Lerch: But still open and repetitive riffs that can almost be hypnotic. I feel like because we’re all so into different things, there’s no just “pure” — everything has a little taste of this and a taste of that mixed into it. A true sangria of metal.

In case you were curious, Urban Dictionary defines “stoner rock” as

“Stoner Rock is a loosely termed genre of music that has heavy guitar riffs that are somewhat repetitive and hypnotic. It’s closest relatives would be blues, rock, hard rock and metal (of all types). The music is choppy, bassy and almost always distorted to some degree with different types of vocals, mostly male, which tend to blend and harmonize with the music. The guitars are often tuned to D or open D to get that low sound of metal-like distortion that the standard E tuning doesn’t offer. The term “stoner rock” most likely comes from the perceived association of smoking marijuana and the fans of this music. However, smoking marijuana is not necessary to enjoy the music. These are some of the bands considered to be stoner rock: T-Rex, Kyuss, Monster Magnet, Wolfmother, Black Sabbath, Fu Manchu, QOTSA.”
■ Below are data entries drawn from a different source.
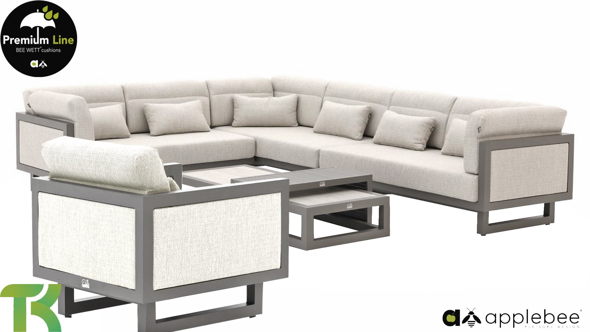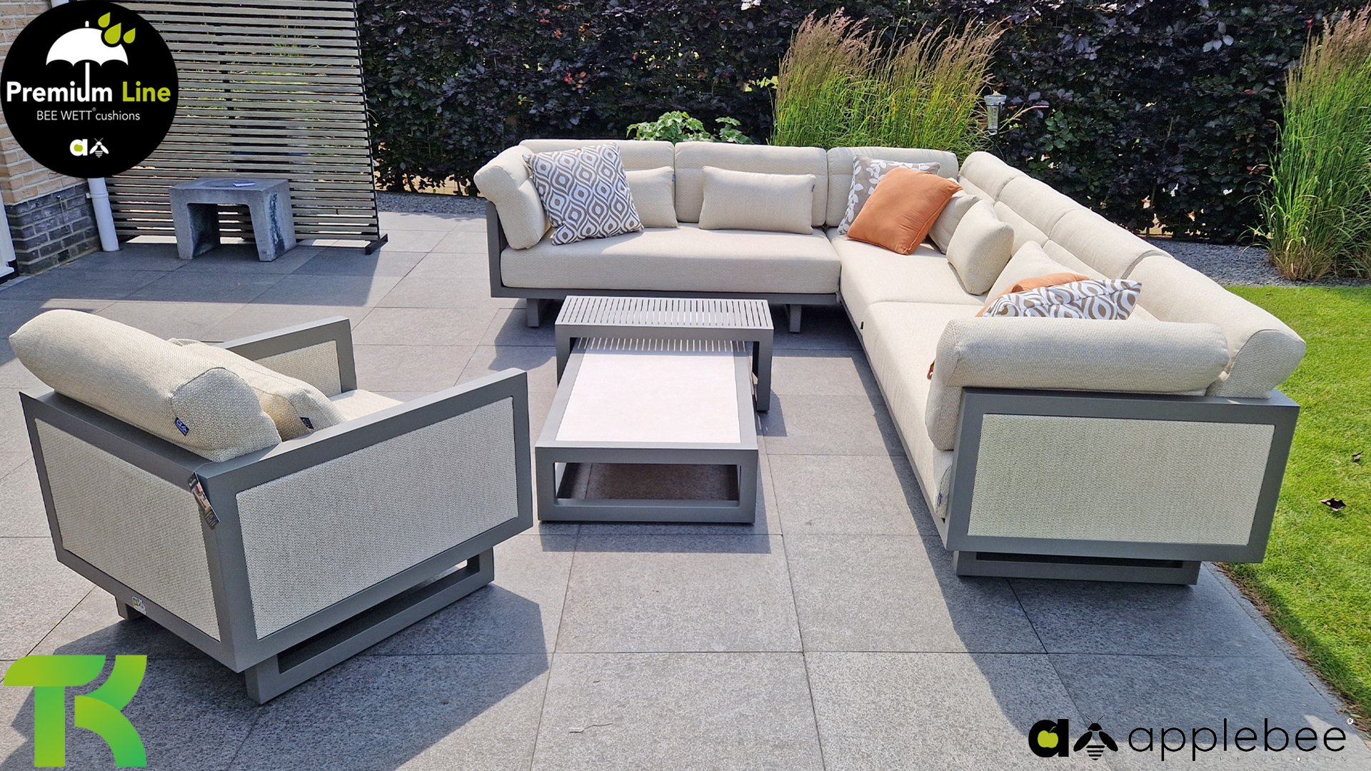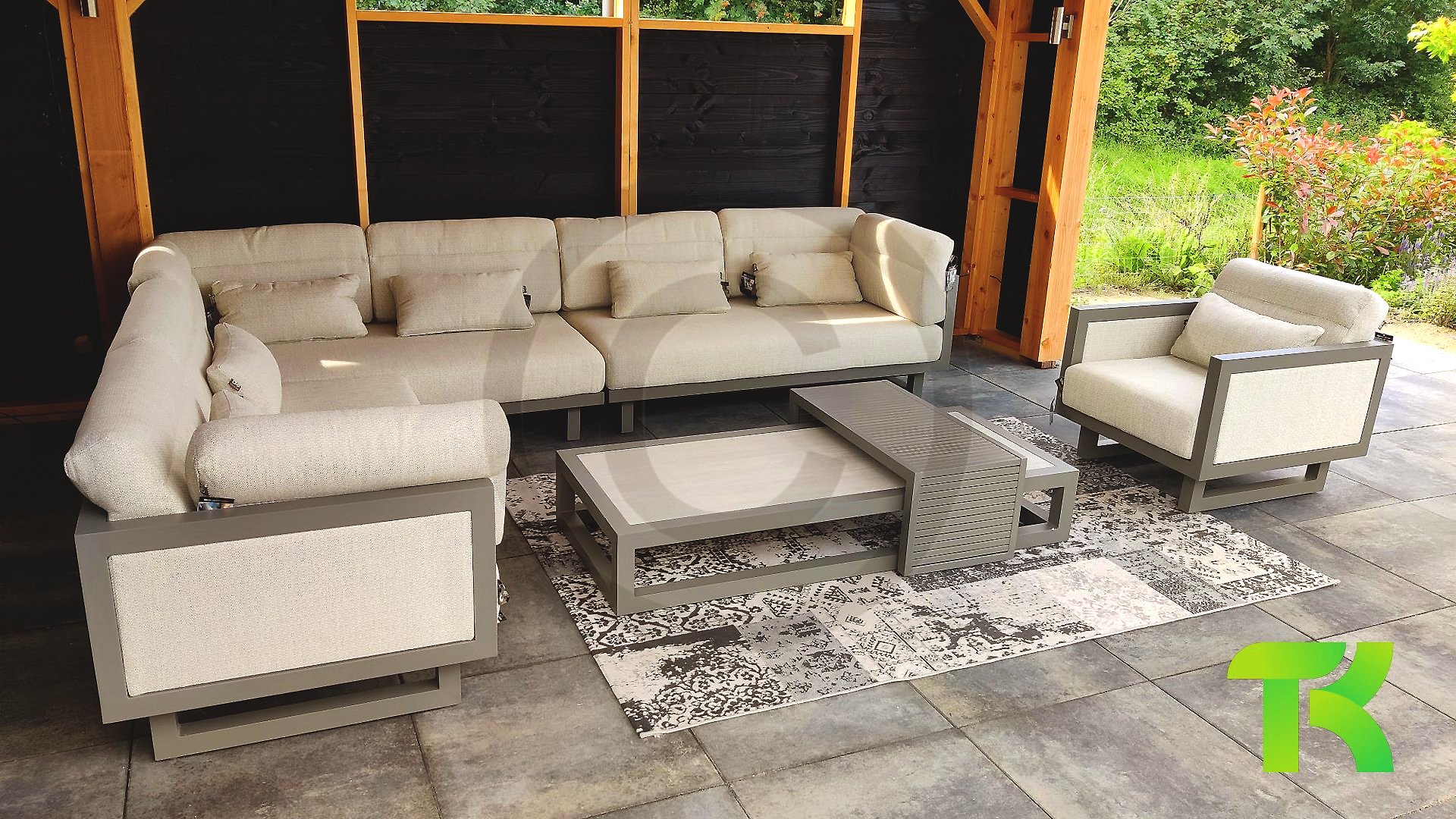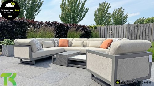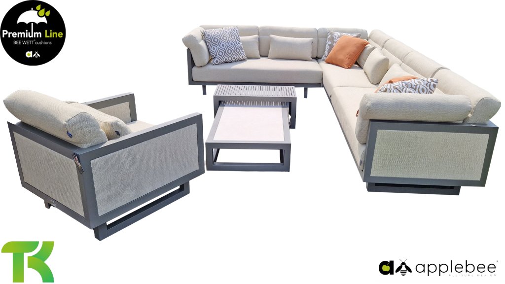 Apple Bee Santorini Lounge: If you love a sleek and cubic lounge set but don’t want to compromise on individuality… here it is, the Santorini! A sleek, aluminum square tube frame, powder-coated in warm taupe. This set comes in two versions. The difference lies in the panels on the arms and the back, which seem to be framed like a painting by the frame. In the first version, the panel is beautifully wrapped in marbled rope. This keeps the set airy with a contemporary look. The other version has upholstered panels in the same fabric as the cushions. This immediately gives the set more class and luxury.
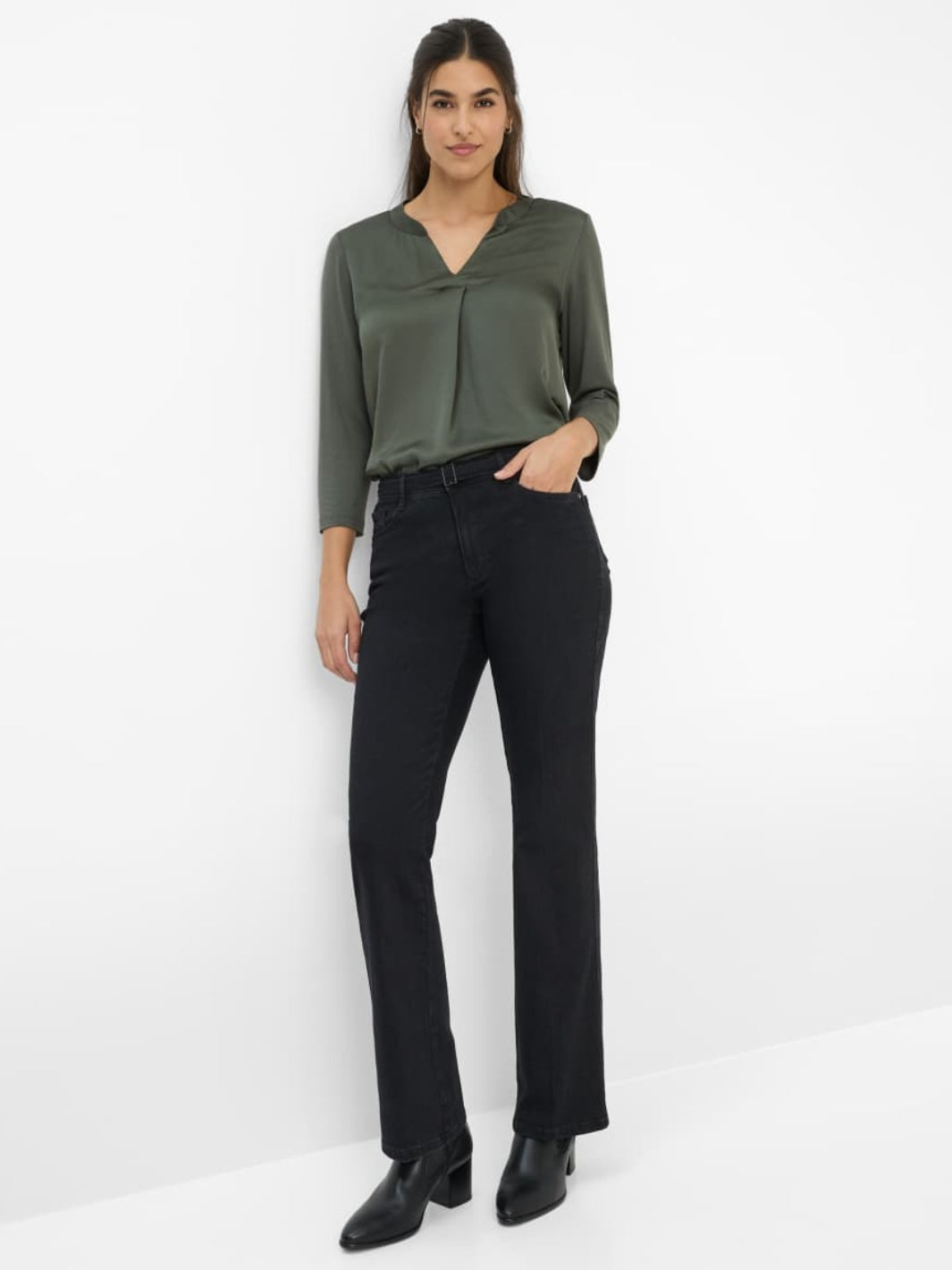 Mary Jeans fra Brax. En jeans med høy midje og rett passform, laget i et materiale med god stretch. Buksen har justerbart belte i midjen for optimal passform.
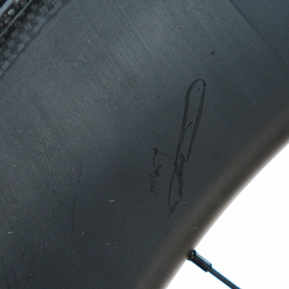 Scratches: Fork, Chainstay, Down tube, Seat stay, Top tube, Seat tube, Derailleur, Levers, Crankset, Wheels
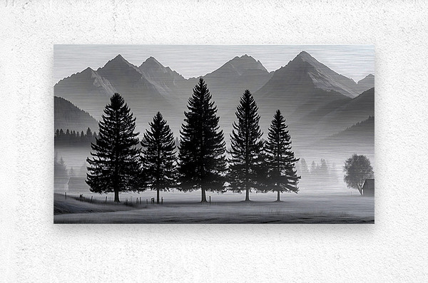 Morning Fog In The Valley - Monochrome Landscape Art Prints  Impression sur bois
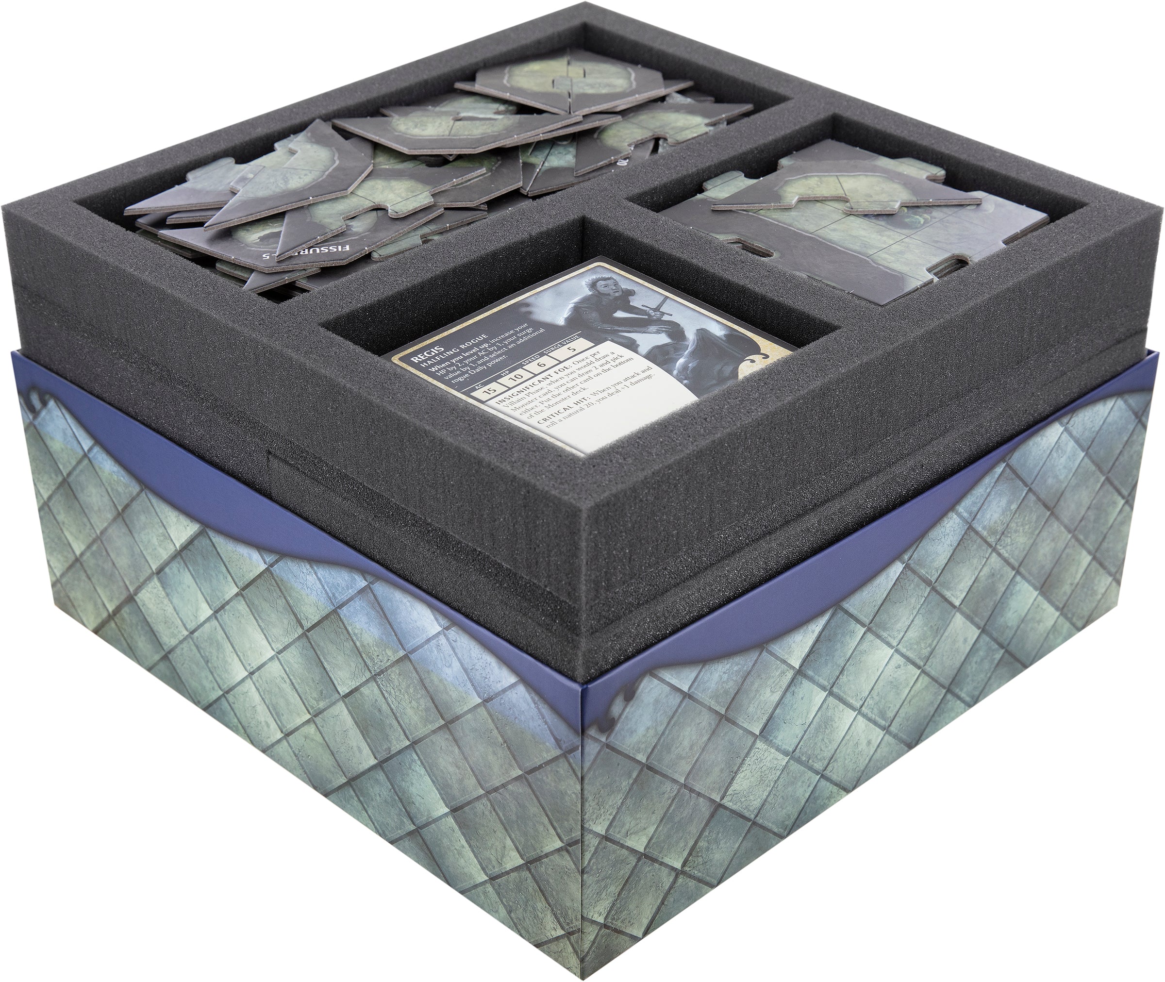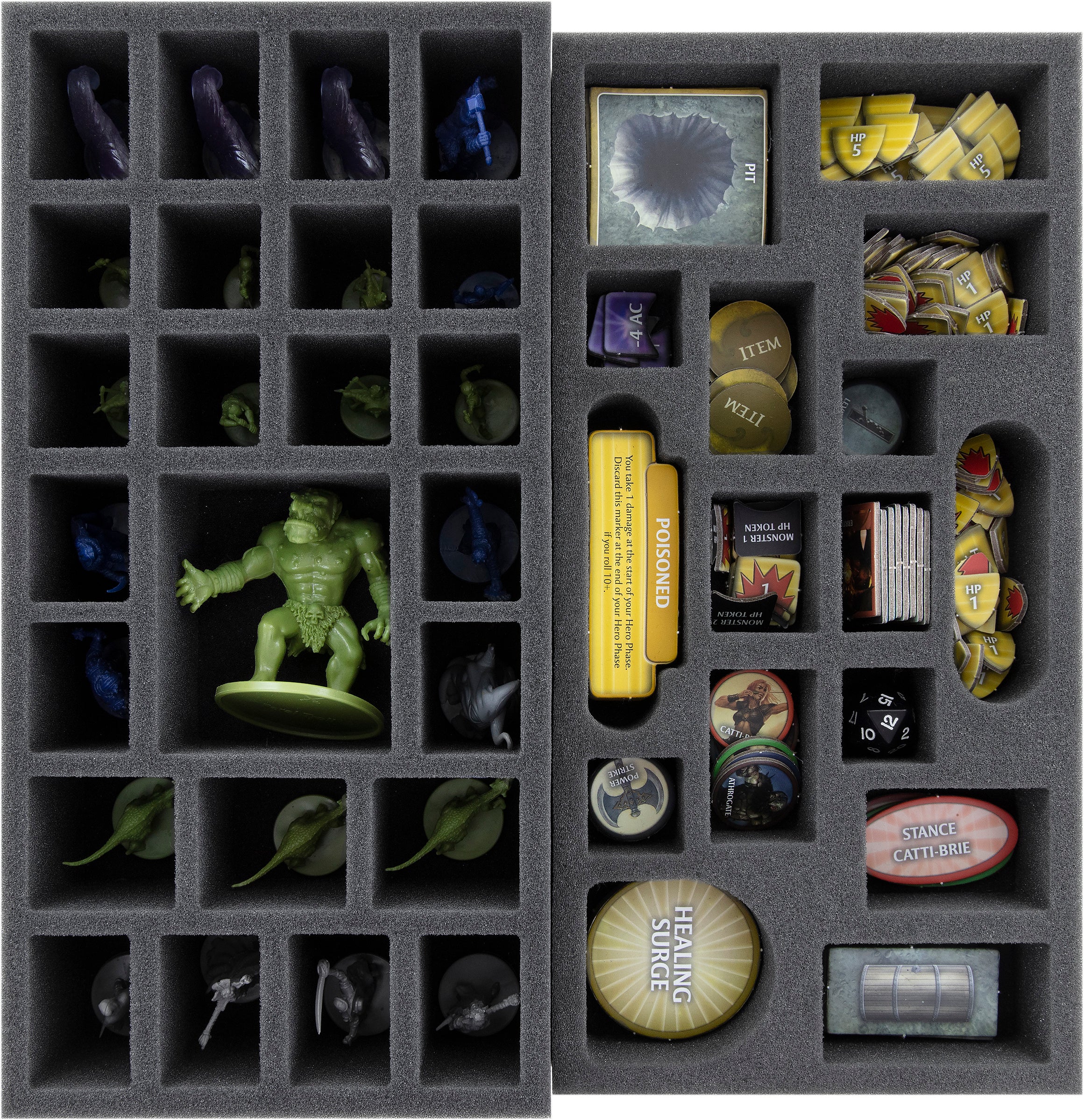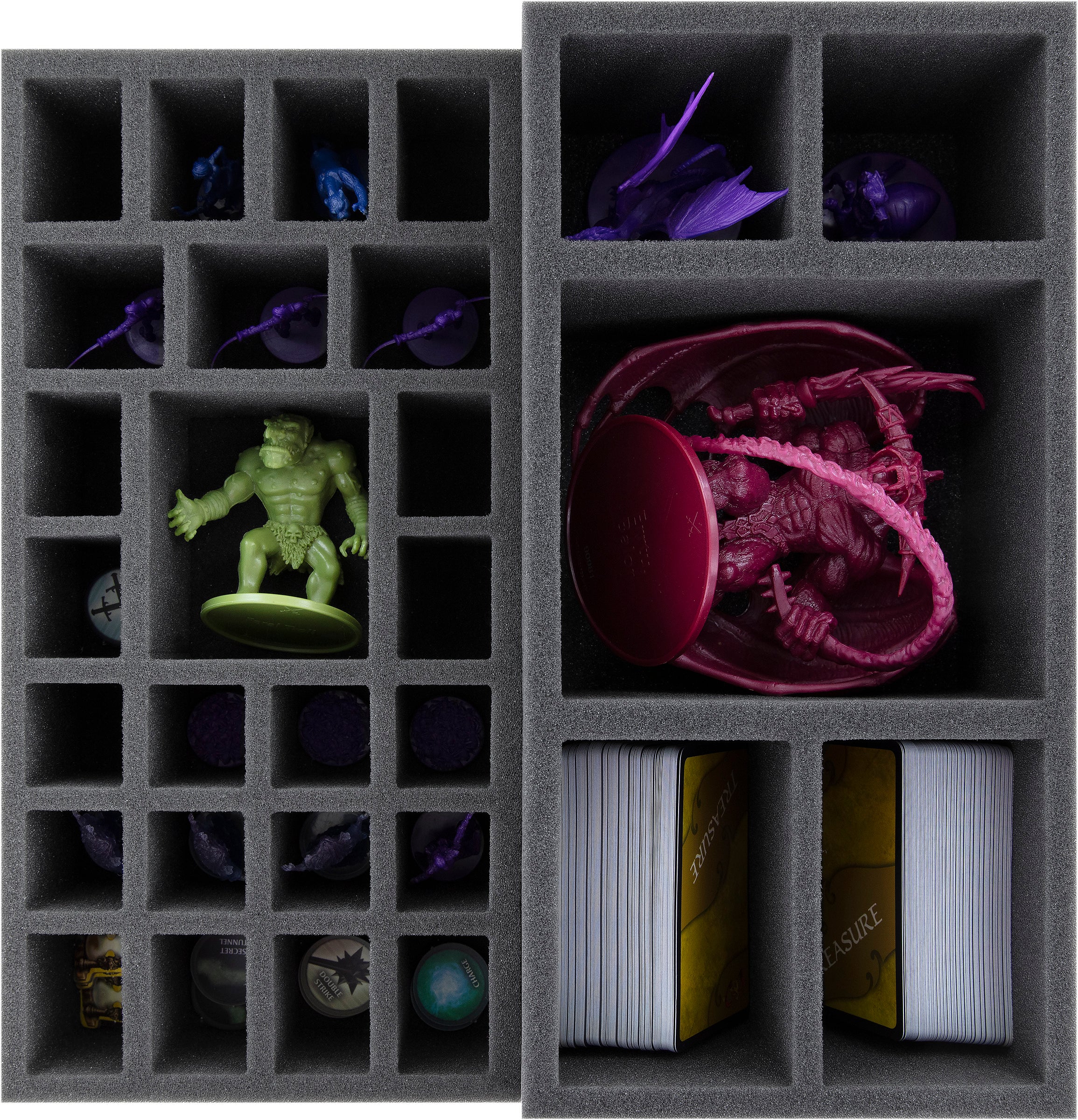 - 5 foam inserts provide space for the 40 plastic miniatures, 200 cards, 70 tiles, and the game materials from the core game.

SP: How is your sound “psychedelic?”

Lerch: Our long song structures and minimalist writing lends itself to going into some sort of trance, which is where the “psychedelic” would come in.

SP: Tell me about the self-titled album you’re releasing.

Lerch: The EP that we’re putting out right now has four songs and it’s the first four songs that we’ve written. To record, we used a lot of Garrick’s gear that’s going towards Bull & Dog, a recording studio in Champaign that he is working on opening.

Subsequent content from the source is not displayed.